1、ThreadLocal类用于存储以线程为作用域的数据，线程之间数据隔离。
2、ThreadLocalMap类是ThreadLocal的静态内部类，通过操作Entry来存储数据。
3、Thread类比较常用，线程类内部维持一个ThreadLocalMap类实例（threadLocals）。

一.对ThreadLocal的理解

　　ThreadLocal，很多地方叫做线程本地变量，也有些地方叫做线程本地存储，其实意思差不多。可能很多朋友都知道ThreadLocal为变量在每个线程中都创建了一个副本，那么每个线程可以访问自己内部的副本变量。

　　这句话从字面上看起来很容易理解，但是真正理解并不是那么容易。

　　我们还是先来看一个例子：

class ConnectionManager {
     
    private static Connection connect = null;
     
    public static Connection openConnection() {
        if(connect == null){
            connect = DriverManager.getConnection();
        }
        return connect;
    }
     
    public static void closeConnection() {
        if(connect!=null)
            connect.close();
    }
}

　　假设有这样一个数据库链接管理类，这段代码在单线程中使用是没有任何问题的，但是如果在多线程中使用呢？很显然，在多线程中使用会存在线程安全问题：

第一，这里面的2个方法都没有进行同步，很可能在openConnection方法中会多次创建connect；

第二，由于connect是共享变量，那么必然在调用connect的地方需要使用到同步来保障线程安全，因为很可能一个线程在使用connect进行数据库操作，而另外一个线程调用closeConnection关闭链接。

　　所以出于线程安全的考虑，必须将这段代码的两个方法进行同步处理，并且在调用connect的地方需要进行同步处理。

　　这样将会大大影响程序执行效率，因为一个线程在使用connect进行数据库操作的时候，其他线程只有等待。

　　那么大家来仔细分析一下这个问题，这地方到底需不需要将connect变量进行共享？事实上，是不需要的。假如每个线程中都有一个connect变量，各个线程之间对connect变量的访问实际上是没有依赖关系的，即一个线程不需要关心其他线程是否对这个connect进行了修改的。

　　到这里，可能会有朋友想到，既然不需要在线程之间共享这个变量，可以直接这样处理，在每个需要使用数据库连接的方法中具体使用时才创建数据库链接，然后在方法调用完毕再释放这个连接。

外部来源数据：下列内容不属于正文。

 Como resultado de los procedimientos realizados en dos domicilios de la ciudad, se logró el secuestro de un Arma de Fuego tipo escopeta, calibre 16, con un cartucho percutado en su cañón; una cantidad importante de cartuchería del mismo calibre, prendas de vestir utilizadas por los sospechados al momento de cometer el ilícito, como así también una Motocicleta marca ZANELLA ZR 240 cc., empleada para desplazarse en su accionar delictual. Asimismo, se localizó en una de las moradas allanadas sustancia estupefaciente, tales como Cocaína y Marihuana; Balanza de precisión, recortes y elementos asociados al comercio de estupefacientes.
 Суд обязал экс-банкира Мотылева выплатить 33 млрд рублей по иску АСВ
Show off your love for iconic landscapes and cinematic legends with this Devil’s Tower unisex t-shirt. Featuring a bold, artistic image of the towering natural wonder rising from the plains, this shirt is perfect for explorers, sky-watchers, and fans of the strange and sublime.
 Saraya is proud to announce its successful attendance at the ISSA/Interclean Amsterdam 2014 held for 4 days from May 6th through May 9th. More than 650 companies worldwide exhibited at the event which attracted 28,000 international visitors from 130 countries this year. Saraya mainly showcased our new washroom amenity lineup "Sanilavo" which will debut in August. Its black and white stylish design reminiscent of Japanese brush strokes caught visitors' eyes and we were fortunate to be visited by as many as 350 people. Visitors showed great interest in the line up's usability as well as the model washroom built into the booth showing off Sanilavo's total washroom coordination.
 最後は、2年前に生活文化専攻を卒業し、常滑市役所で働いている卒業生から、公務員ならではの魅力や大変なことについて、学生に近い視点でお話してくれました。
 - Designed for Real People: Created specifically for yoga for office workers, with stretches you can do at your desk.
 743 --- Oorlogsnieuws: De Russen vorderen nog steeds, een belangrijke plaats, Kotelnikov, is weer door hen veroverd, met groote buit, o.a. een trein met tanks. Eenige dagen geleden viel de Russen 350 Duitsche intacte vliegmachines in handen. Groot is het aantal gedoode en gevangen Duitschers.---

比如下面这样：

class ConnectionManager {
     
    private  Connection connect = null;
     
    public Connection openConnection() {
        if(connect == null){
            connect = DriverManager.getConnection();
        }
        return connect;
    }
     
    public void closeConnection() {
        if(connect!=null)
            connect.close();
    }
}
 
 
class Dao{
    public void insert() {
        ConnectionManager connectionManager = new ConnectionManager();
        Connection connection = connectionManager.openConnection();
         
        //使用connection进行操作
         
        connectionManager.closeConnection();
    }
}

　　这样处理确实也没有任何问题，由于每次都是在方法内部创建的连接，那么线程之间自然不存在线程安全问题。但是这样会有一个致命的影响：导致服务器压力非常大，并且严重影响程序执行性能。由于在方法中需要频繁地开启和关闭数据库连接，这样不尽严重影响程序执行效率，还可能导致服务器压力巨大。

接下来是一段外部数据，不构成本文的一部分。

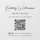 Vinilo personalizado chic para ventana de negocio con el nombre en una elegante letra de firma y tipo de negocio debajo en tipografía moderna simple. Ingrese la dirección URL de su sitio web para crear un código QR para que los clientes y clientes escaneen y obtengan una lista de sus productos, servicios, horarios, etc. Agregue sus identificadores de usuario de instagram y facebook para que los clientes lo sigan en las redes sociales.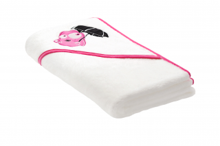 Детское полотенце с уголком Green Fiber & Totty, белое с розовым кантом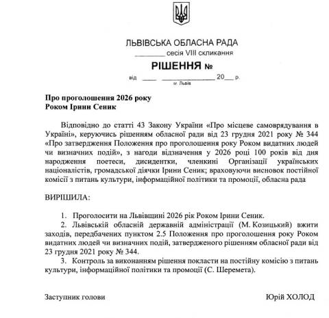 Зокрема, як йдеться у документі, облрада вирішила проголосити на Львівщині 2026 рік роком української поетеси, дисидентки, членкині ОУН Ірини Сеник з нагоди відзначення у 2026 році 100-річчя від дня її народження.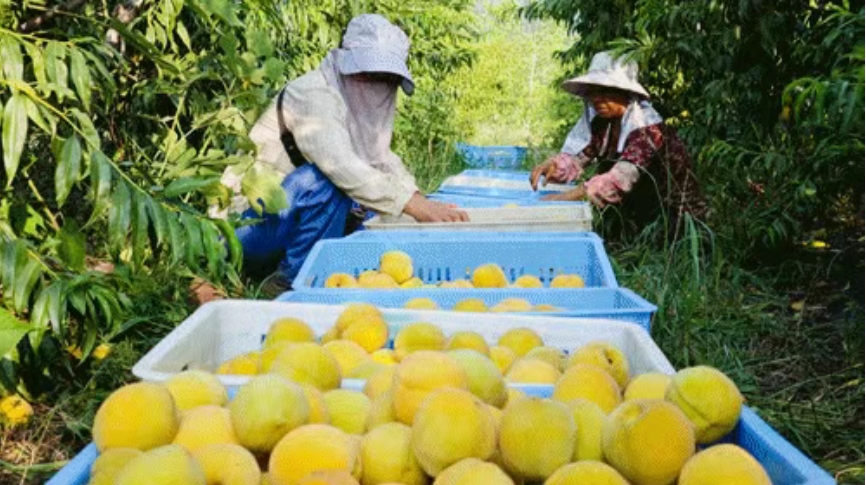连日来,泉源镇马陵山黄桃种植基地迎来采摘季。郁郁葱葱的桃林间,沉甸甸的黄桃压弯枝头,果农们穿梭其间,忙着摘果、运果、装箱,一派繁忙丰收景象。

　　那么这种情况下使用ThreadLocal是再适合不过的了，因为ThreadLocal在每个线程中对该变量会创建一个副本，即每个线程内部都会有一个该变量，且在线程内部任何地方都可以使用，线程之间互不影响，这样一来就不存在线程安全问题，也不会严重影响程序执行性能。

　　但是要注意，虽然ThreadLocal能够解决上面说的问题，但是由于在每个线程中都创建了副本，所以要考虑它对资源的消耗，比如内存的占用会比不使用ThreadLocal要大。

二.深入解析ThreadLocal类

　　在上面谈到了对ThreadLocal的一些理解，那我们下面来看一下具体ThreadLocal是如何实现的。

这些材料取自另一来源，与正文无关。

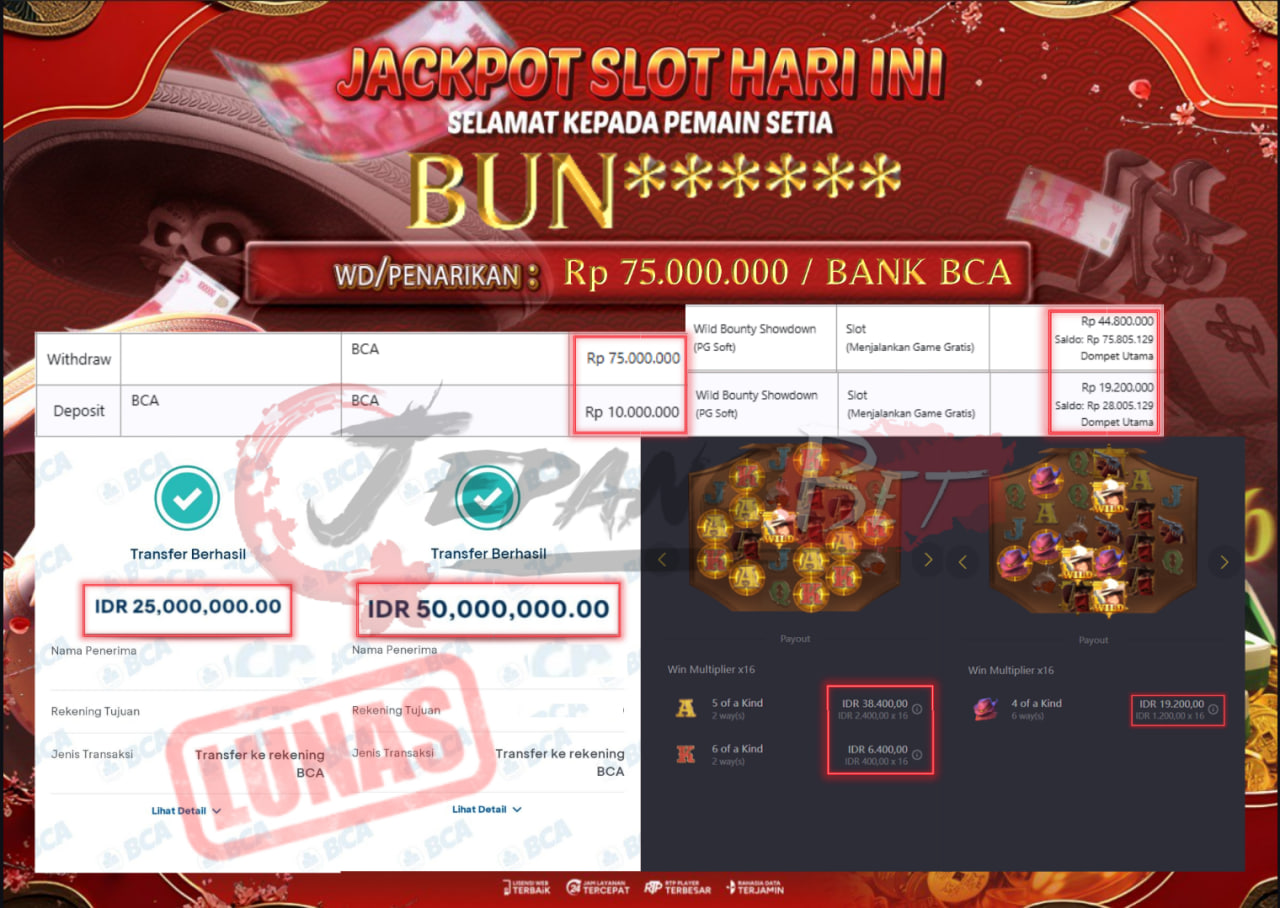 Bukti Lunas Jackpot Jepangbet adalah halaman resmi yang menampilkan dokumentasi pembayaran kemenangan para member. Di sini Anda dapat melihat bukti transfer dan tangkapan layar kemenangan dari berbagai game yang dimainkan.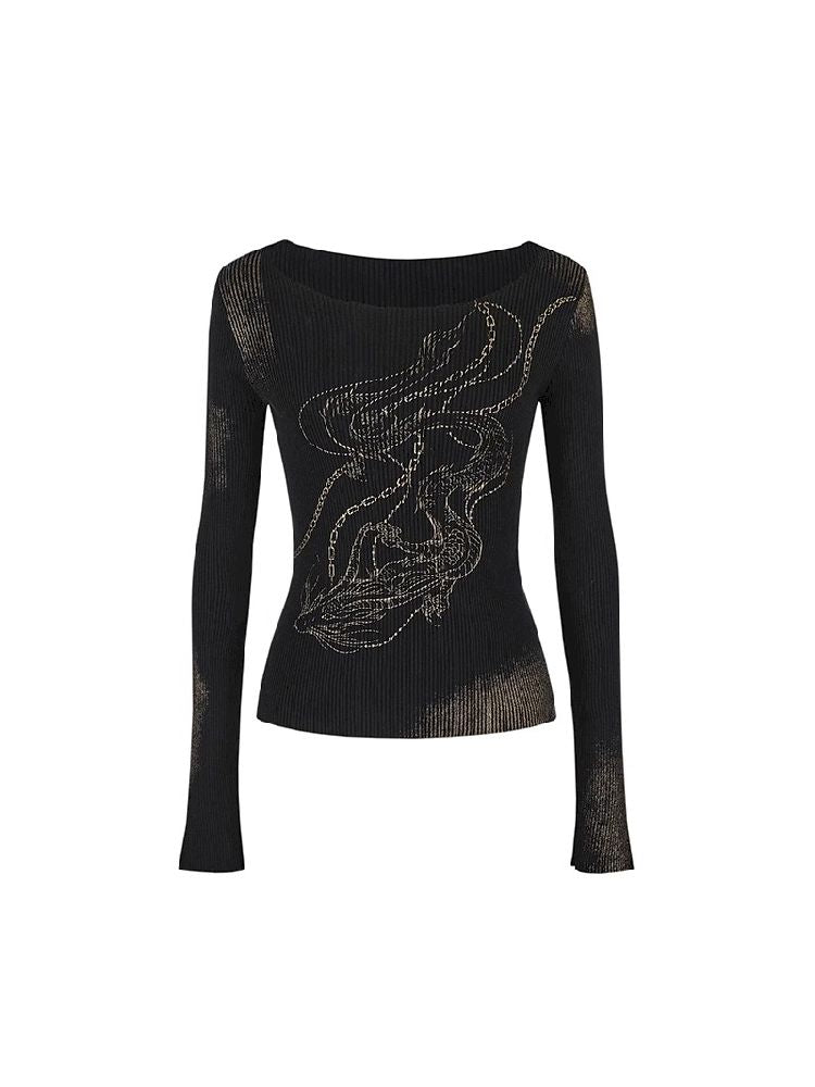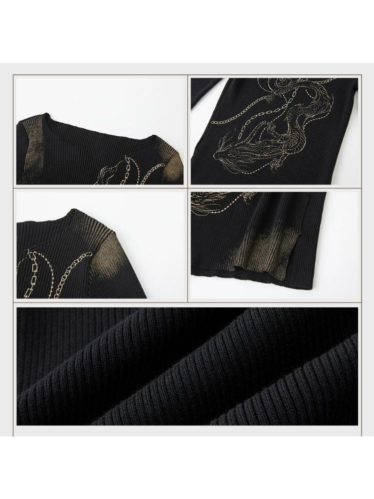 Dragon Print Handmade Printed Sweater【s0000005643】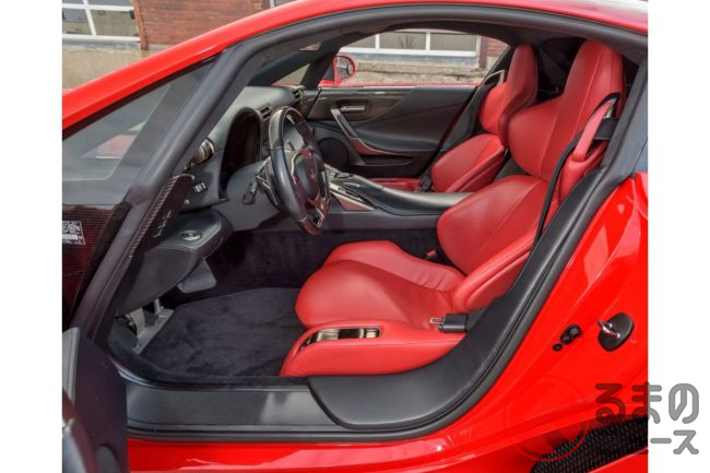 今回出品される予定のLFAは2012年製で、シリアルナンバーは075。インテリアは、オーダーメイドでドアやインストルメントパネル、センターコンソール、ステアリングホイールなどに、ステッチを施した高級感にあふれるブラックレザーを採用。座席のシートには赤いレザーを使用しています。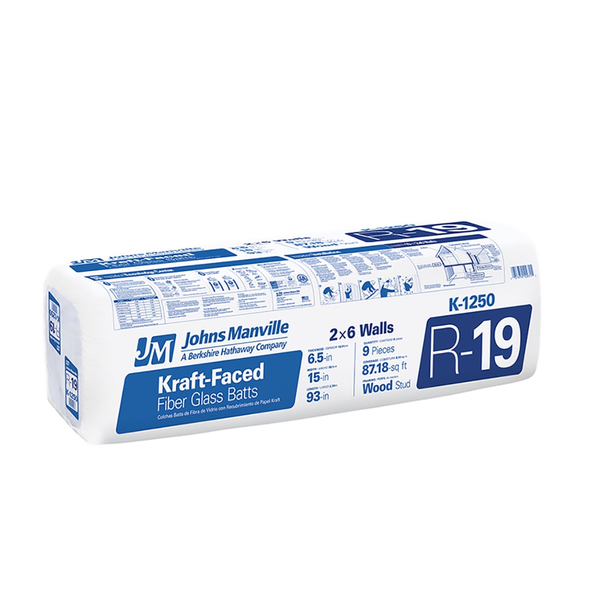 Johns Manville R-19 Kraft-faced fiberglass batts insulate 2x6 wood-stud walls with built-in vapor retarder for moisture control. Precut 15-in x 93-in batts cover 87.18 sq ft per package and help improve energy efficiency and sound control.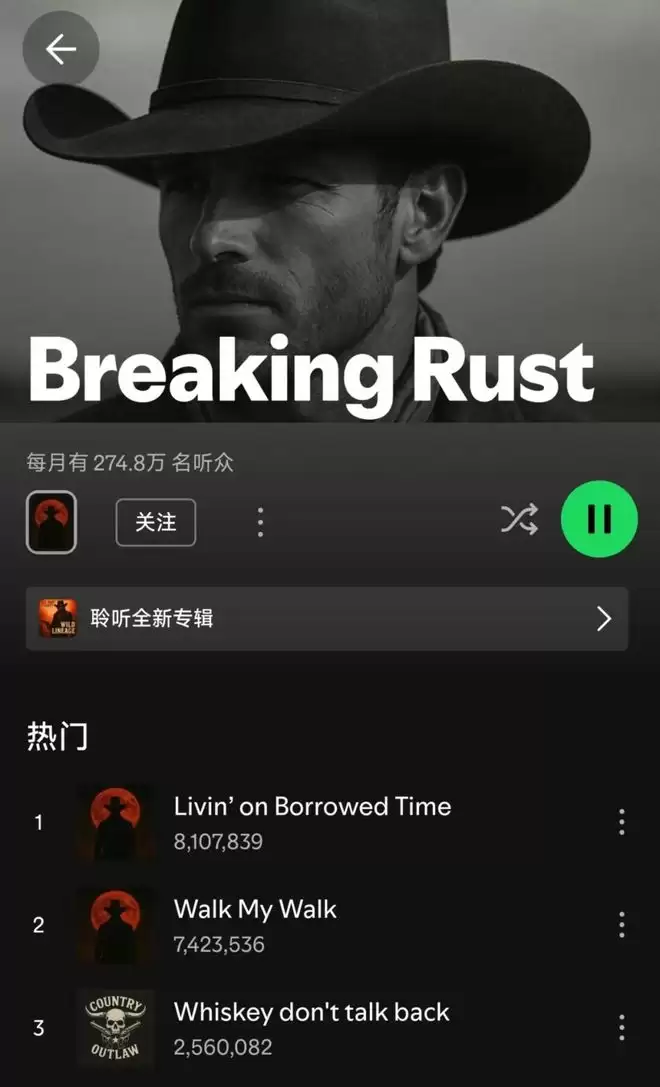 惊蛰研究所还注意到,《Walk My Walk》的署名艺人Breaking Rust在Spotify上已发布超过10首歌曲,其中热度最高的3首歌曲总播放量已经超过1800万次。这意味着,Breaking Rust这个署名背后的创作者可能仅凭3首AI歌曲,就在单一平台获得了超过7.2万美元(约51万人民币)的收入。

　　先了解一下ThreadLocal类提供的几个方法：

public T get() { }
public void set(T value) { }
public void remove() { }
protected T initialValue() { }

　　get()方法是用来获取ThreadLocal在当前线程中保存的变量副本，set()用来设置当前线程中变量的副本，remove()用来移除当前线程中变量的副本，initialValue()是一个protected方法，一般是用来在使用时进行重写的，它是一个延迟加载方法，下面会详细说明。

　　首先我们来看一下ThreadLocal类是如何为每个线程创建一个变量的副本的。

　　先看下get方法的实现：

    /**
     * Returns the value in the current thread's copy of this
     * thread-local variable.  If the variable has no value for the
     * current thread, it is first initialized to the value returned
     * by an invocation of the {@link #initialValue} method.
     *
     * @return the current thread's value of this thread-local
     */
    public T get() {
        Thread t = Thread.currentThread();
        ThreadLocalMap map = getMap(t);
        if (map != null) {
            ThreadLocalMap.Entry e = map.getEntry(this);
            if (e != null) {
                @SuppressWarnings("unchecked")
                T result = (T)e.value;
                return result;
            }
        }
        return setInitialValue();
    }

　　第一句是取得当前线程，然后通过getMap(t)方法获取到一个map，map的类型为ThreadLocalMap。然后接着下面获取到<key,value>键值对，注意这里获取键值对传进去的是 this，而不是当前线程t。

　　如果获取成功，则返回value值。

　　如果map为空，则调用setInitialValue方法返回value。

　　我们上面的每一句来仔细分析：

　　首先看一下getMap方法中做了什么：

    /**
     * Get the map associated with a ThreadLocal. Overridden in
     * InheritableThreadLocal.
     *
     * @param  t the current thread
     * @return the map
     */
    ThreadLocalMap getMap(Thread t) {
        return t.threadLocals;
    }

　　可能大家没有想到的是，在getMap中，是调用当前线程t，返回当前线程t中的一个成员变量threadLocals。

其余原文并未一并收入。